Despite apparent “America First” language in the US Summary of Objectives for the NAFTA renegotiation which appear contrary to the minimum standards of treatment and fair and equitable treatment, those protections are likely to remain in a new NAFTA.

On 17 July 2017, the US Trade Representative published the “Summary of Objectives for the NAFTA renegotiation” as required by US law (the “Summary”). This Summary outlines the negotiating position of the United States with regard to the re-negotiation of the NAFTA announced on 18 May 2017 and on which President Trump campaigned.

With regard to investor state dispute settlement (“ISDS”), the Summary is brief, providing in full:

– Establish rules that reduce or eliminate barriers to U.S. investment in all sectors in the NAFTA countries.
– Secure for U.S. investors in the NAFTA countries important rights consistent with U.S. legal principles and practice, while ensuring that NAFTA country investors in the United States are not accorded greater substantive rights than domestic investors.

The second bullet in the Summary appears to contain a bombshell with regard to fair and equitable treatment (i.e., FET). The statement that “investors in the United States are not accorded greater substantive rights than domestic investors” would appear to run contrary to the international law concept of a minimum standard of treatment as reflected in NAFTA Article 1105. NAFTA Article 1105 provides for the customary international law standard of minimum treatment, i.e., FET, with regard to foreign investment:

Article 1105: Minimum Standard of Treatment
1. Each Party shall accord to investments of investors of another Party treatment in accordance with international law, including fair and equitable treatment and full protection and security.

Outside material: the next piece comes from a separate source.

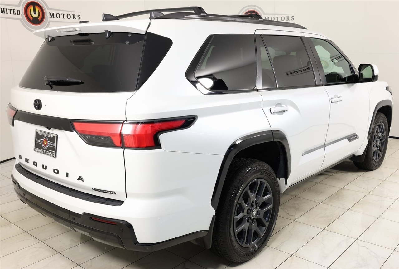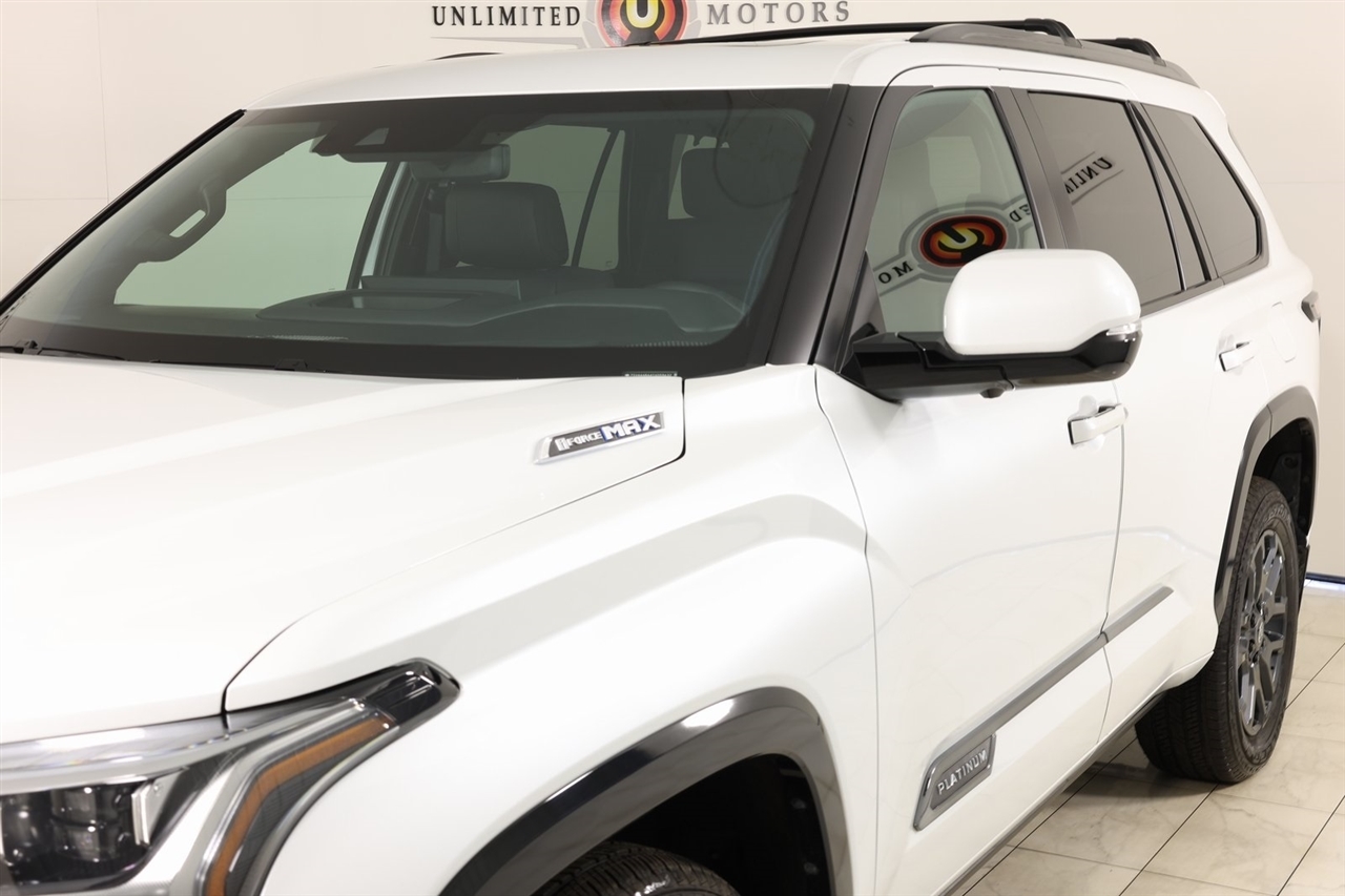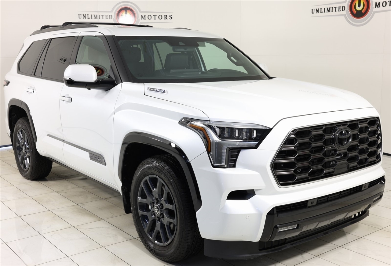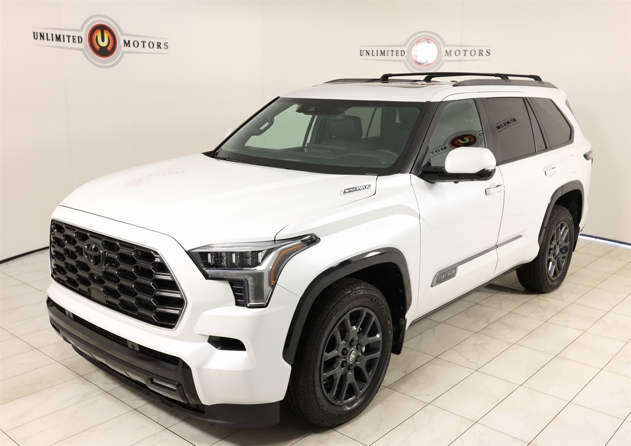 2025 Toyota Sequoia White Now Available at Unlimited Motors Elwood! With over 20 years in business and 4 Indiana locations, Unlimited Motors is known for offering high-quality, hand-selected vehicles at excellent pricing with outstanding customer service. Our inventory of over 1,000 vehicles includes major makes such as Ford, Chevrolet, Ram, Jeep, GMC, Dodge, BMW, Mercedes-Benz, Audi, Cadillac, Porsche, Maserati, Ferrari, and Lamborghini, giving customers one of the largest selections of quality vehicles in the Midwest. Vehicle Highlights:Navigation, Back Up Camera, Sunroof, Panoramic Sunroof, Bluetooth, Towing, Touch Screen, Heated Seats, Heated Steering Wheel, Heated Rear Seats, Ventilated Seats, Power Lift Gate, Apple Car Play, Android Audio, Blind Spot, Clean Carfax, Heads Up Display, Low Miles, Lane Assist, V6 Hybrid, 10-Speed Automatic, 4WD, ABS brakes, Active Cruise Control, Alloy wheels, Compass, Electronic Stability Control, Front dual zone A/C, Heated & Ventilated Front Seats, Heated door mirrors, Heated front seats, Heated rear seats, Illuminated entry, Low tire pressure warning, Power Liftgate, Power moonroof, Premium Leather Seat Trim, Remote keyless entry, Traction control.CARFAX One-Owner.Visit www.iumotors.com to explore our full inventory of over 1,000 hand-picked vehicles across our Westfield, Fishers, Noblesville, and Elwood locations. At Unlimited Motors, we offer a premium car-buying experience with competitive financing through local credit unions and national lenders, top trade-in values, full auto repair and maintenance services for customer vehicles, and nationwide shipping to all 50 states. Youll also find many of the most searched and in-demand models, including Ford F-150, Chevrolet Silverado, Ram 1500, Jeep Wrangler, Jeep Grand Cherokee, Chevrolet Tahoe, Chevrolet Suburban, GMC Yukon, GMC Sierra, Dodge Charger, Dodge Durango, Ford Explorer, BMW X5, BMW X3, BMW 3 Series, Mercedes-Benz GLE, Mercedes-Benz GLC, Cadillac Escalade, Audi Q5, Audi Q7, Porsche Cayenne, Porsche Macan, Maserati Ghibli, and more. Whether youre visiting from Westfield, Indianapolis, Carmel, Fishers, Noblesville, Zionsville, Greenwood, Lawrence, Brownsburg, Avon, Plainfield, Lebanon, Anderson, Muncie, Kokomo, Lafayette, Bloomington, Columbus, or anywhere across Central and Northern Indiana, we are here to help you find the perfect vehicle with exceptional service and unbeatable value. Call us today at 765-557-8817 10083 IN-13, Elwood, IN 46036. Disclaimer: Advertised prices DO NOT include Sales Tax, Dealer Fees, Title Processing Charges, and Dealer Pre-installed Products.

The FET standard is based upon the customary international law rule that host states are required to provide foreign investors and their investments with a minimum standard of treatment, regardless of whether such substantive protections are offered to the domestic citizens of the host state.

The FET standard is not without controversy, going back to the modern origins of the debate on this customary international law standard. As explained by Professor Rob Howse of NYU in a blog posting of 18 July 2017 regarding ISDS in the Summary, the 2017 US position appears to reverse the long running American (and capital exporting world’s) stance against the 19th century Calvo Doctrine, as explained by Professor Howse:

Those familiar with the history of international investment law will recognize this principle as part of the Calvo Doctrine, which was, ironically, a position taken by states in the global South against the United States, and other developed-country exporters of capital; they should not have to provide rights to foreign investors beyond those provided to domestic investors in the same circumstances. Now with the Trump Administration, the United States is propounding the Calvo Doctrine (or at least that part that concerns substantive rights rather than dispute settlement) against its NAFTA partners, Canada and Mexico.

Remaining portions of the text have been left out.